* _Material provided_
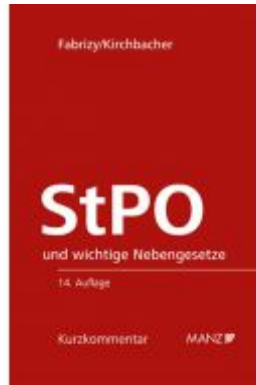
Strafprozessordnung - StPO Ladenpreis: 178,00 EUR
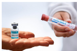
10 Overige corona-actualiteiten voor werkgevers
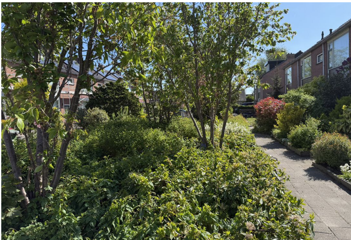
Oranje Nassaustraat 28, Bovenkarspel

* _Activity_
Each line above should be returned exactly as it stands, minus any pictures.

* _Exercise answer_
Strafprozessordnung - StPO Ladenpreis: 178,00 EUR
10 Overige corona-actualiteiten voor werkgevers
Oranje Nassaustraat 28, Bovenkarspel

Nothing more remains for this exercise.